El nuestro es un país que no piensa ni participa en esas cosas. Un país donde mucha gente que se considera progresista o posmoderna defiende que hay que olvidar y pasar página. De tal forma que los traumas del silencio pasan de una generación a otra. La culpa colectiva o el dolor colectivo, las dos cosas. Y esa falta de verbalización y recuerdo, esa falta de reconocimiento es la base de una ignorancia mucho más amplia, que lo engulle todo: no saber, no pensar, no reconocer. Porque sin historia no hay identidad posible, ni conciencia, ni reconciliación, ni curación, ni siquiera puede haber una verdadera cultura. En ese sentido, España no es Europa.
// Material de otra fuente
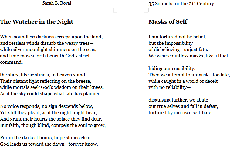 Sarah B. Royal continues to expand the possibilities of poetic form, offering readers a deeply personal yet universally resonant experience. Her writing is a testament to the power of creative risk, intellectual depth, and emotional authenticity.

Cada vez estoy más convencida, y ayer la película holandesa de HH me lo confirmó, de que la ignorancia y la zafiedad semianalfabeta que reina en este país no se debe sólo a la falta de inversión en la educación, sino que a un nivel más profundo, está conectada con la negación del drama principal que se jugó en este país, no sólo durante la guerra, sino también durante la terrible posguerra. Creo que al renunciar a pensar y hablar de ello, se renuncia también en lo profundo a todo pensamiento, a toda reflexión, a toda dificultad o esfuerzo intelectual, y uno se dirige a la evasión más superficial, a la pura banalidad. Creo que ese es el mal de este país, donde me siento siempre tan ajena.